Dataset records:
-- Opening Marker --

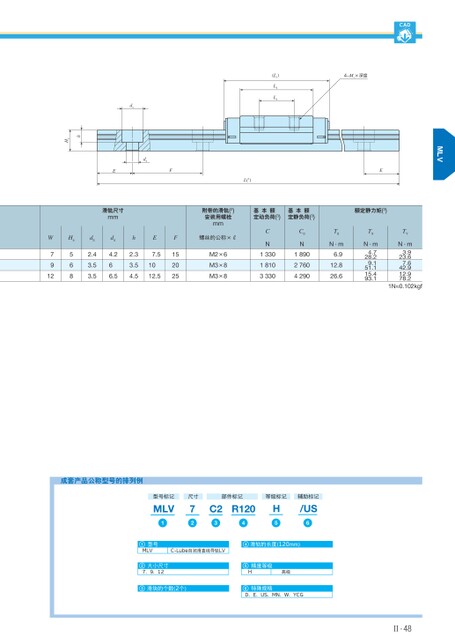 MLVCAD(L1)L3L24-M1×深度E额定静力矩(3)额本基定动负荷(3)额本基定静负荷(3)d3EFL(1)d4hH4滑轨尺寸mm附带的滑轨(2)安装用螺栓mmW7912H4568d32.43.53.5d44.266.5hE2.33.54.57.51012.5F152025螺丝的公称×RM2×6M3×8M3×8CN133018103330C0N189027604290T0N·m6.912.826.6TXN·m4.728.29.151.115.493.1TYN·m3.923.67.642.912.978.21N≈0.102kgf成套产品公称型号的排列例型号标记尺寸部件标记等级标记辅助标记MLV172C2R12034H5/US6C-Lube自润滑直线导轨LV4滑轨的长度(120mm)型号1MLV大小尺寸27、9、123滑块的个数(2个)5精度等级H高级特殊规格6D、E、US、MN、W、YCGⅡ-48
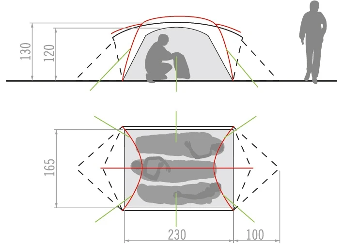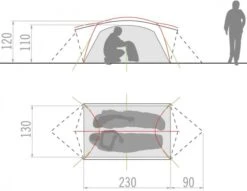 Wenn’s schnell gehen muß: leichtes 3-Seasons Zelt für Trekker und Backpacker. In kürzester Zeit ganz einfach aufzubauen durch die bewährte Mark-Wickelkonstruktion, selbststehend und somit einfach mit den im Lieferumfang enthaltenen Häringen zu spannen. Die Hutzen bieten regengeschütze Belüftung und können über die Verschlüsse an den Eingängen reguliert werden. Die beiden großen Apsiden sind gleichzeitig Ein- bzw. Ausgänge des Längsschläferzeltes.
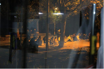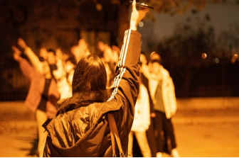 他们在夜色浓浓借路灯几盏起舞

-- Closing Marker --
-- Opening Marker --

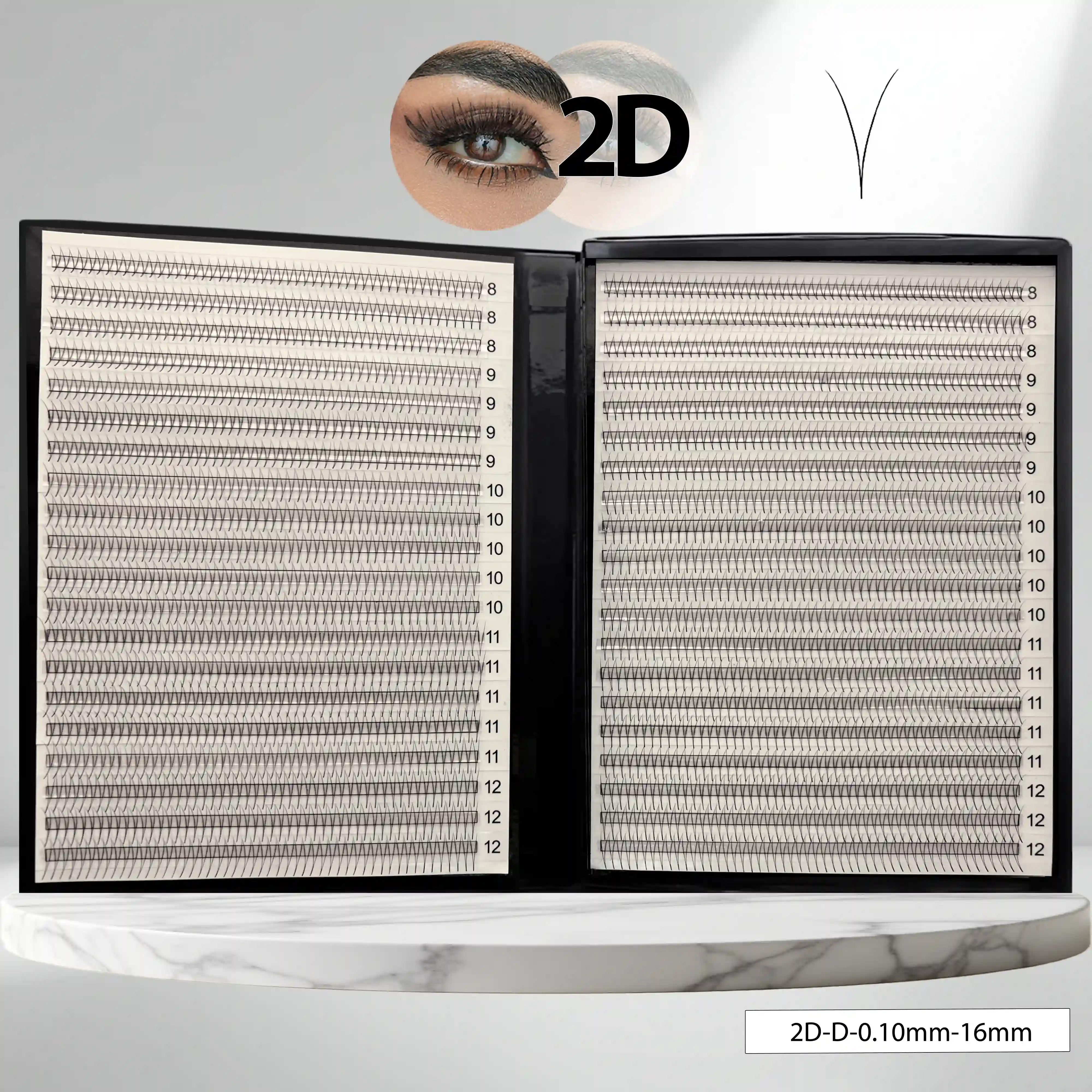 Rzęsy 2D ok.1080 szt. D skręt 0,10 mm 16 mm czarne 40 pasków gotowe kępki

-- Closing Marker --

Problem statement:
Out of the records above, please copy exactly the lines from the line with "MLVCAD(L1)L3L2" up to and including the line with "他们在夜色浓浓借路灯几盏起舞", minus the pictures.

Finished task:
 MLVCAD(L1)L3L24-M1×深度E额定静力矩(3)额本基定动负荷(3)额本基定静负荷(3)d3EFL(1)d4hH4滑轨尺寸mm附带的滑轨(2)安装用螺栓mmW7912H4568d32.43.53.5d44.266.5hE2.33.54.57.51012.5F152025螺丝的公称×RM2×6M3×8M3×8CN133018103330C0N189027604290T0N·m6.912.826.6TXN·m4.728.29.151.115.493.1TYN·m3.923.67.642.912.978.21N≈0.102kgf成套产品公称型号的排列例型号标记尺寸部件标记等级标记辅助标记MLV172C2R12034H5/US6C-Lube自润滑直线导轨LV4滑轨的长度(120mm)型号1MLV大小尺寸27、9、123滑块的个数(2个)5精度等级H高级特殊规格6D、E、US、MN、W、YCGⅡ-48
 Wenn’s schnell gehen muß: leichtes 3-Seasons Zelt für Trekker und Backpacker. In kürzester Zeit ganz einfach aufzubauen durch die bewährte Mark-Wickelkonstruktion, selbststehend und somit einfach mit den im Lieferumfang enthaltenen Häringen zu spannen. Die Hutzen bieten regengeschütze Belüftung und können über die Verschlüsse an den Eingängen reguliert werden. Die beiden großen Apsiden sind gleichzeitig Ein- bzw. Ausgänge des Längsschläferzeltes.
 他们在夜色浓浓借路灯几盏起舞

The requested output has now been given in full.